:: What the exercise asks ::
Transcribe all of the records word for word, please, omitting the pictures.

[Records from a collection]
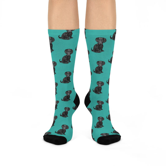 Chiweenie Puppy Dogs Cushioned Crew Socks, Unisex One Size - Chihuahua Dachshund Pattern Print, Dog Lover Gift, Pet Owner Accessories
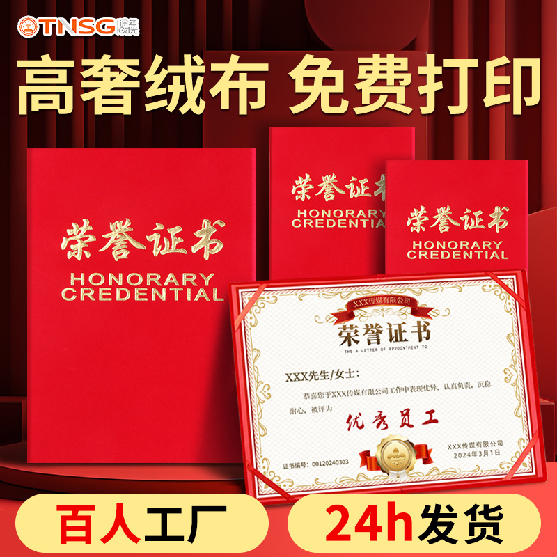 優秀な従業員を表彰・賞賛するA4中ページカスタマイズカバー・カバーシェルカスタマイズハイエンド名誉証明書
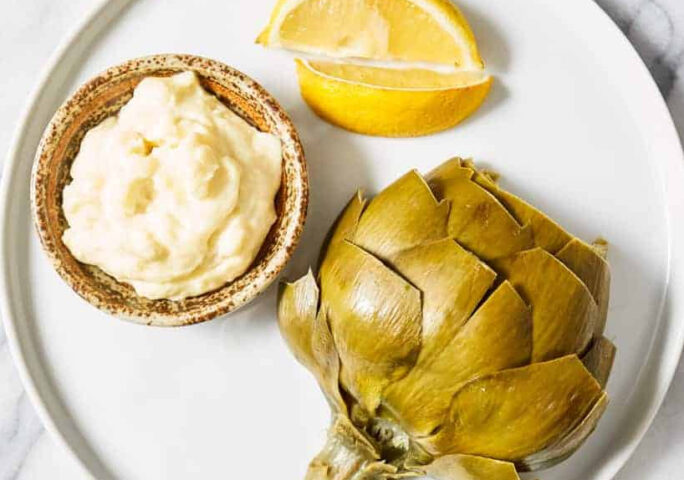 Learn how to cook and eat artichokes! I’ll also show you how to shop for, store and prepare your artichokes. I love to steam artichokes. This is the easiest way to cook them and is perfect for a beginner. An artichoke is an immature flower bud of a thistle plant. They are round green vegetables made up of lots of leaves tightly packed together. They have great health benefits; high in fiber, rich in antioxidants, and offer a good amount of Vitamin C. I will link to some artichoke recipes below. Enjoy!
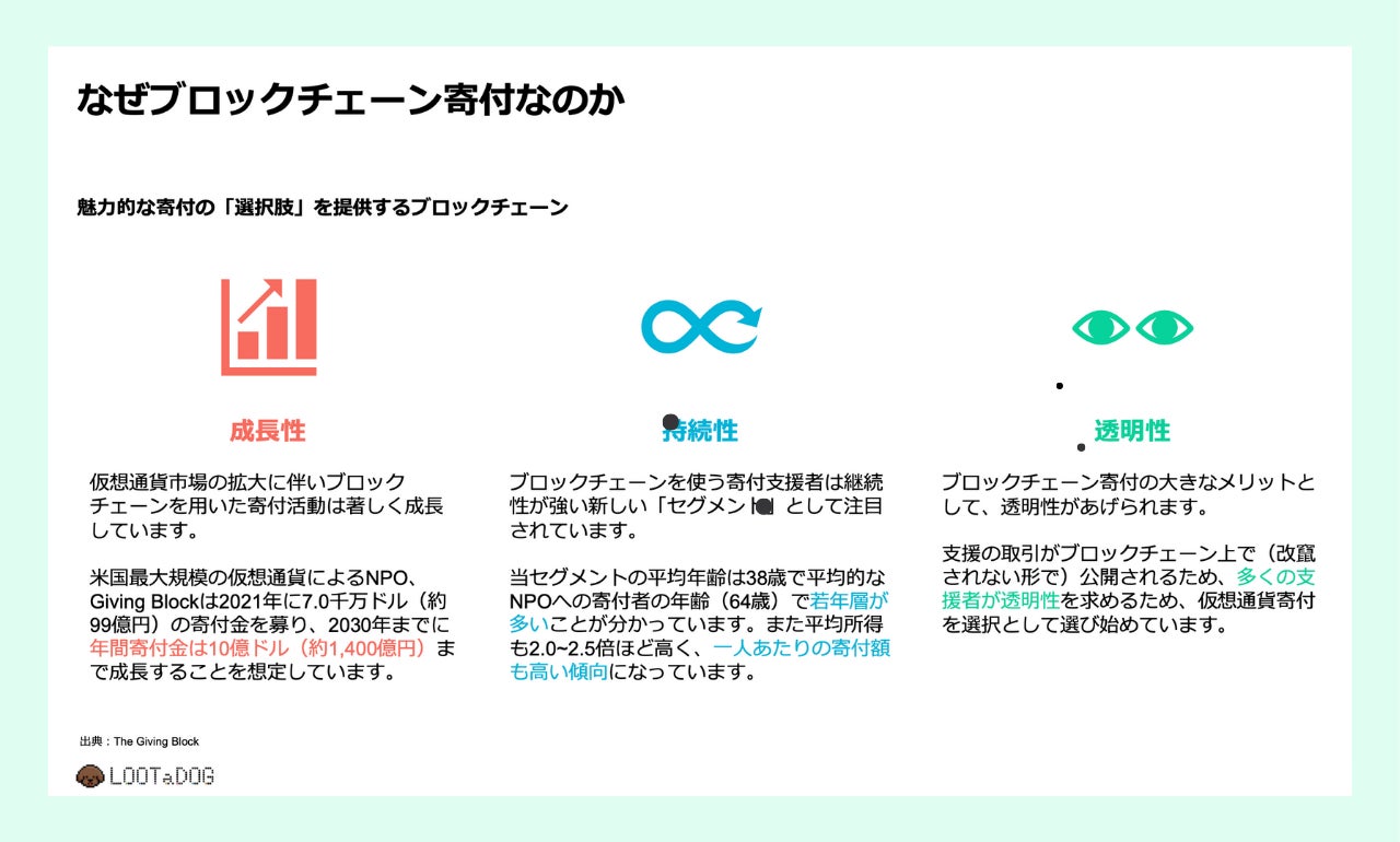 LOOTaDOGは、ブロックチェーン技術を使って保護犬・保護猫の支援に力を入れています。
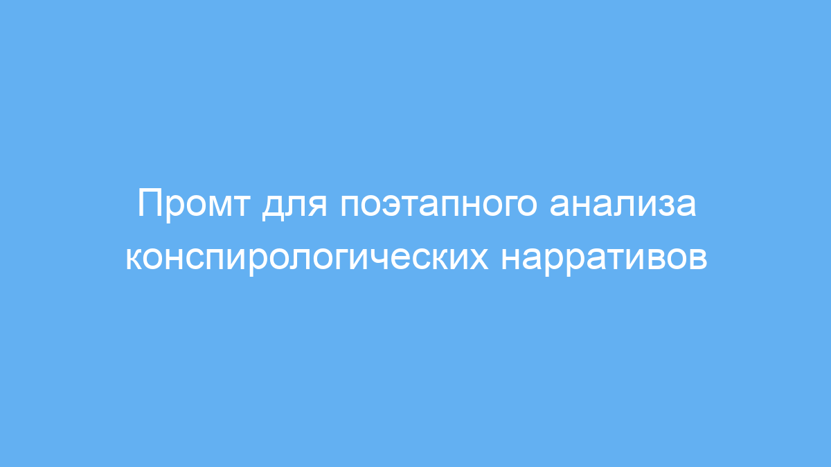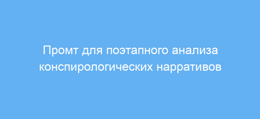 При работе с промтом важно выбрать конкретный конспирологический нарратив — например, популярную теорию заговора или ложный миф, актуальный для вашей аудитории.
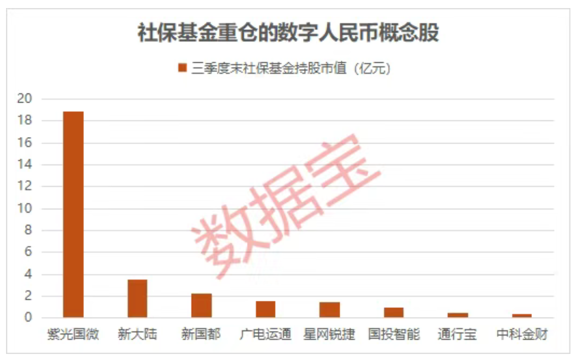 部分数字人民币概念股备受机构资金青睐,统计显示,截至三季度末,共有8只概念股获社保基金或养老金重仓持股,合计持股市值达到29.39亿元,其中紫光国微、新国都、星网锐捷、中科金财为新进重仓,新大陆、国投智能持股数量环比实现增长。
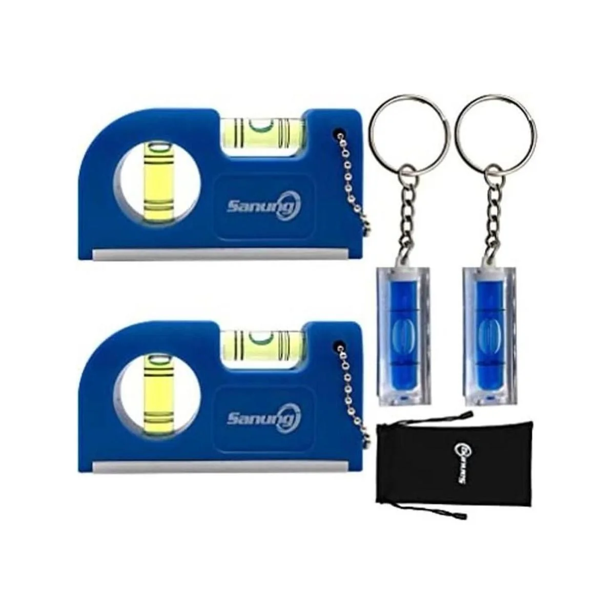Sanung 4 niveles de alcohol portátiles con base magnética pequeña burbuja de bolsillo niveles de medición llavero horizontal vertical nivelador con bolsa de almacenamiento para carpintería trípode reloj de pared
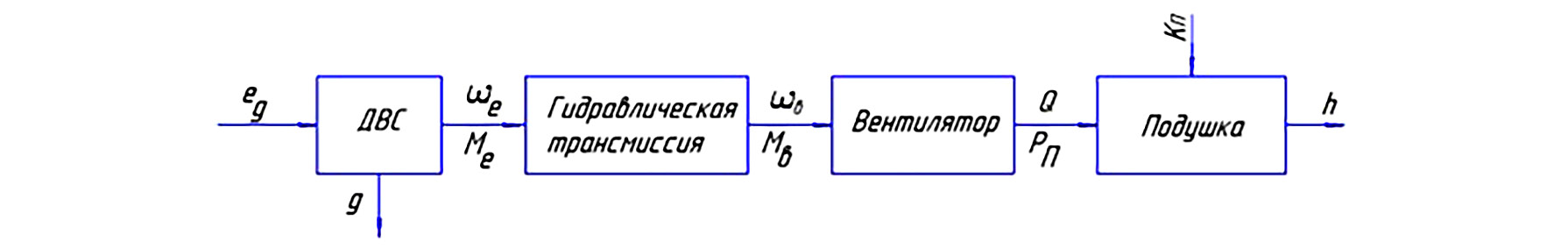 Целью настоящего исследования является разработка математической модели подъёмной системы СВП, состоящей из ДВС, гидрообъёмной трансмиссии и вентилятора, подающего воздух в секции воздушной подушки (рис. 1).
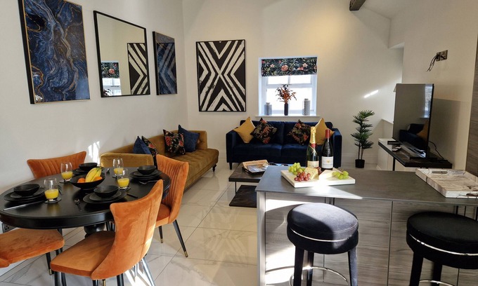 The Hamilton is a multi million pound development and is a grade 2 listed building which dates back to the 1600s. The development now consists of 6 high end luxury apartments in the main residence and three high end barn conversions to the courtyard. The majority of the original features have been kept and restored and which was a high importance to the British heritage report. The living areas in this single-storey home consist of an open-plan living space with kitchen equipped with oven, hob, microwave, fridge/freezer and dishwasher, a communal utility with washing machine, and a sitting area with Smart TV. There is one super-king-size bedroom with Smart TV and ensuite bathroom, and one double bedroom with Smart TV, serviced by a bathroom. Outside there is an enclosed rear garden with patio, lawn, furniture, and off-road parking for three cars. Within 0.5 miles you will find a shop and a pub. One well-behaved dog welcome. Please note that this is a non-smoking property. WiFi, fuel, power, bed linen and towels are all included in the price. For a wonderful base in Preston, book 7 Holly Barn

:: Solution for this exercise ::
 Chiweenie Puppy Dogs Cushioned Crew Socks, Unisex One Size - Chihuahua Dachshund Pattern Print, Dog Lover Gift, Pet Owner Accessories
 優秀な従業員を表彰・賞賛するA4中ページカスタマイズカバー・カバーシェルカスタマイズハイエンド名誉証明書
 Learn how to cook and eat artichokes! I’ll also show you how to shop for, store and prepare your artichokes. I love to steam artichokes. This is the easiest way to cook them and is perfect for a beginner. An artichoke is an immature flower bud of a thistle plant. They are round green vegetables made up of lots of leaves tightly packed together. They have great health benefits; high in fiber, rich in antioxidants, and offer a good amount of Vitamin C. I will link to some artichoke recipes below. Enjoy!
 LOOTaDOGは、ブロックチェーン技術を使って保護犬・保護猫の支援に力を入れています。
 При работе с промтом важно выбрать конкретный конспирологический нарратив — например, популярную теорию заговора или ложный миф, актуальный для вашей аудитории.
 部分数字人民币概念股备受机构资金青睐,统计显示,截至三季度末,共有8只概念股获社保基金或养老金重仓持股,合计持股市值达到29.39亿元,其中紫光国微、新国都、星网锐捷、中科金财为新进重仓,新大陆、国投智能持股数量环比实现增长。
Sanung 4 niveles de alcohol portátiles con base magnética pequeña burbuja de bolsillo niveles de medición llavero horizontal vertical nivelador con bolsa de almacenamiento para carpintería trípode reloj de pared
 Целью настоящего исследования является разработка математической модели подъёмной системы СВП, состоящей из ДВС, гидрообъёмной трансмиссии и вентилятора, подающего воздух в секции воздушной подушки (рис. 1).
 The Hamilton is a multi million pound development and is a grade 2 listed building which dates back to the 1600s. The development now consists of 6 high end luxury apartments in the main residence and three high end barn conversions to the courtyard. The majority of the original features have been kept and restored and which was a high importance to the British heritage report. The living areas in this single-storey home consist of an open-plan living space with kitchen equipped with oven, hob, microwave, fridge/freezer and dishwasher, a communal utility with washing machine, and a sitting area with Smart TV. There is one super-king-size bedroom with Smart TV and ensuite bathroom, and one double bedroom with Smart TV, serviced by a bathroom. Outside there is an enclosed rear garden with patio, lawn, furniture, and off-road parking for three cars. Within 0.5 miles you will find a shop and a pub. One well-behaved dog welcome. Please note that this is a non-smoking property. WiFi, fuel, power, bed linen and towels are all included in the price. For a wonderful base in Preston, book 7 Holly Barn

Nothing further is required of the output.